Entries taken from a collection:
-------------------------

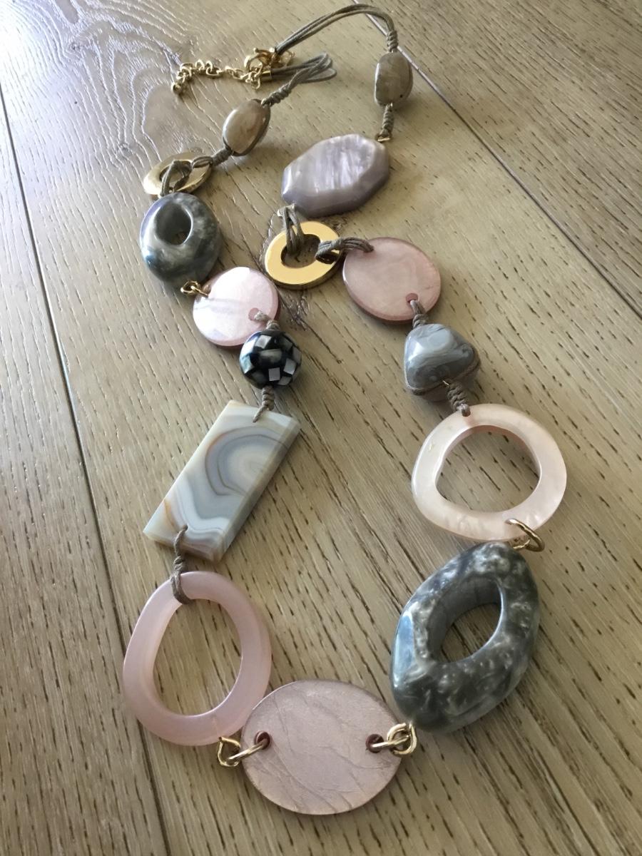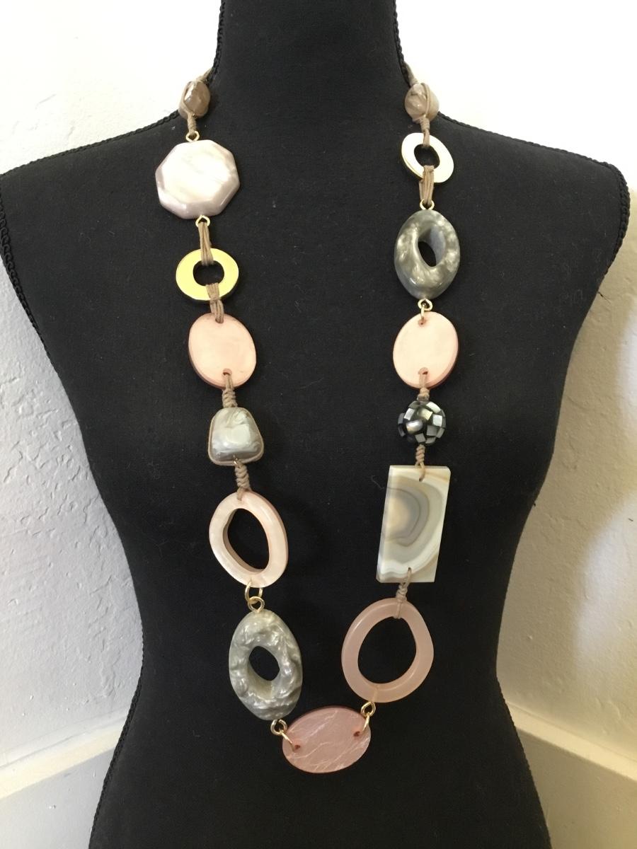 Beautiful stone and shell and acrylic. Beaded statement necklace. Very nice quality,
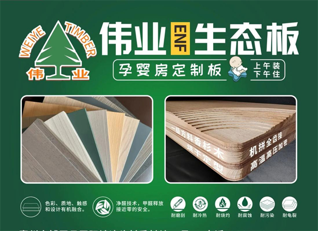 伟业深耕板材行业三十年,是华南地区板材行业代表性品牌,专注环保板材技术研发,自主研发无机生态胶技术,实现板材甲醛释放量的突破性降低,推出的五强板兼具净醛、防虫、阻燃、耐水、定型等多重性能。品牌注重产品工艺与品质把控,核心产品性能优于国家相关标准,在设计师渠道、家装零售渠道拥有良好的口碑,是家居装修的优选板材品牌。
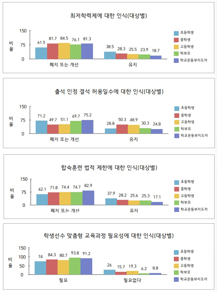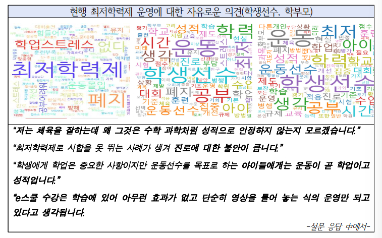설문에 참여한 초·중·고 학생선수와 학부모, 지도자 다수는 최저학력제와 관련해 "폐지 또는 개선이 필요하다"고 응답했다. 초등학생 61.5%, 중학생 81.7%, 고등학생 84.5%가 개선 필요성을 언급했으며, 학부모와 지도자의 경우 각각 76.1%, 81.3%로 나타났다. 일부 응답자는 성적 기준 완화, 교과목 다양화, 학교별 상황을 고려한 평가 방식 등의 개선 방안을 제시했고, 학습 지원을 위한 보충수업, 개별 맞춤형 수업 운영의 필요성도 함께 언급됐다.
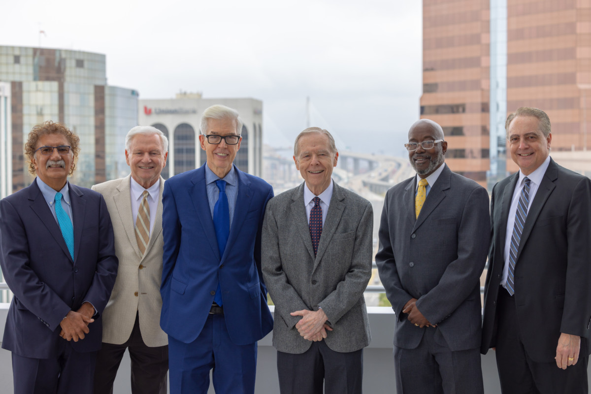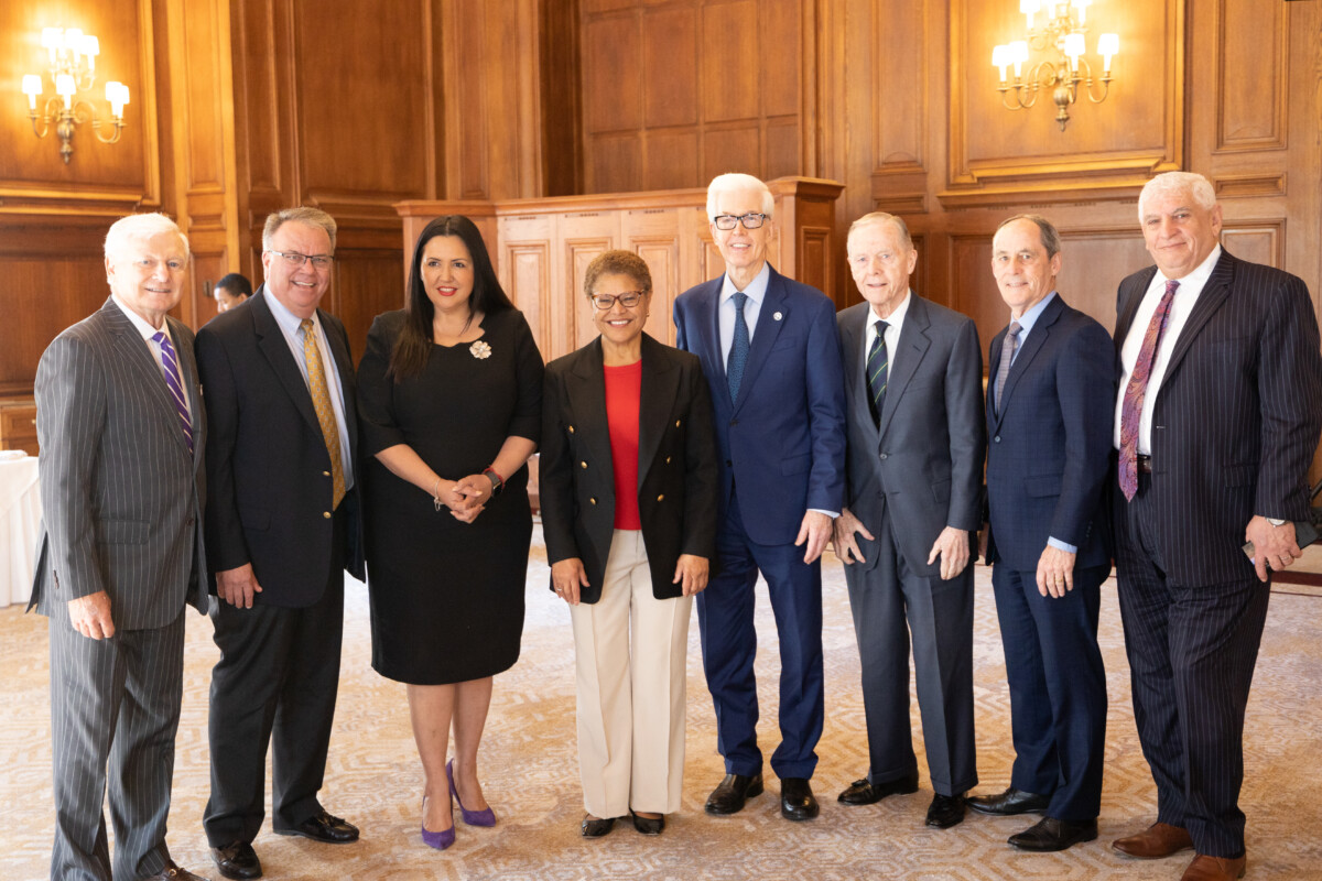 (From left to right) SCLC President Mike Roos, Board Member Greg Bielli, Supervisor Nora Vargas, Los Angeles Mayor Karen Bass, Governor Gray Davis, Governor Pete Wilson, Board Member Tom Priselac and Board Member Hasan Ikhrata.
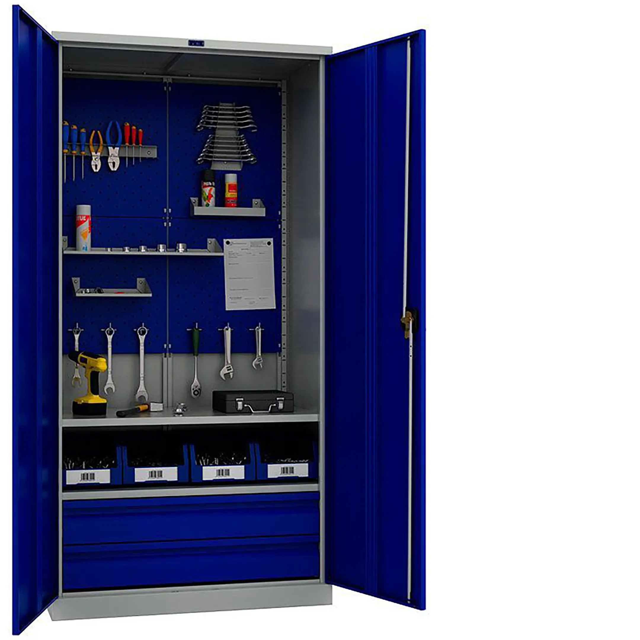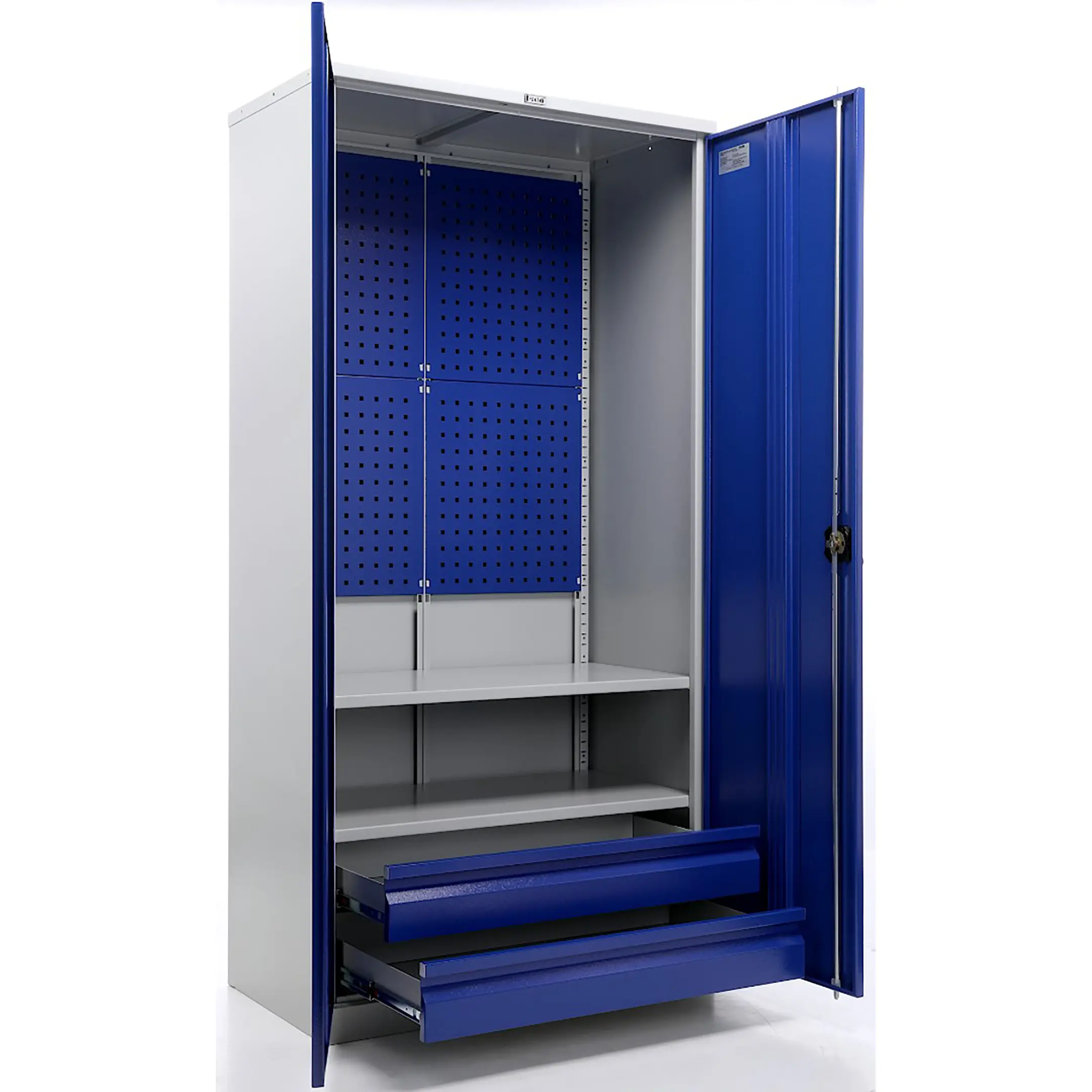 - Максимальная организация и наглядность — модель оборудована обширными перфорированными панелями (система «перфо») на дверцах и, как правило, на задней стенке. Это позволяет удобно, компактно и наглядно разместить огромное количество инструмента на крючках и держателях, обеспечивая мгновенный визуальный контроль его наличия и комплектности.

-------------------------

• **Your assignment**: An exact copy of every entry above is required, without the pictures.

• **Solution**:
 Beautiful stone and shell and acrylic. Beaded statement necklace. Very nice quality,
 伟业深耕板材行业三十年,是华南地区板材行业代表性品牌,专注环保板材技术研发,自主研发无机生态胶技术,实现板材甲醛释放量的突破性降低,推出的五强板兼具净醛、防虫、阻燃、耐水、定型等多重性能。品牌注重产品工艺与品质把控,核心产品性能优于国家相关标准,在设计师渠道、家装零售渠道拥有良好的口碑,是家居装修的优选板材品牌。
설문에 참여한 초·중·고 학생선수와 학부모, 지도자 다수는 최저학력제와 관련해 "폐지 또는 개선이 필요하다"고 응답했다. 초등학생 61.5%, 중학생 81.7%, 고등학생 84.5%가 개선 필요성을 언급했으며, 학부모와 지도자의 경우 각각 76.1%, 81.3%로 나타났다. 일부 응답자는 성적 기준 완화, 교과목 다양화, 학교별 상황을 고려한 평가 방식 등의 개선 방안을 제시했고, 학습 지원을 위한 보충수업, 개별 맞춤형 수업 운영의 필요성도 함께 언급됐다.
 (From left to right) SCLC President Mike Roos, Board Member Greg Bielli, Supervisor Nora Vargas, Los Angeles Mayor Karen Bass, Governor Gray Davis, Governor Pete Wilson, Board Member Tom Priselac and Board Member Hasan Ikhrata.
 - Максимальная организация и наглядность — модель оборудована обширными перфорированными панелями (система «перфо») на дверцах и, как правило, на задней стенке. Это позволяет удобно, компактно и наглядно разместить огромное количество инструмента на крючках и держателях, обеспечивая мгновенный визуальный контроль его наличия и комплектности.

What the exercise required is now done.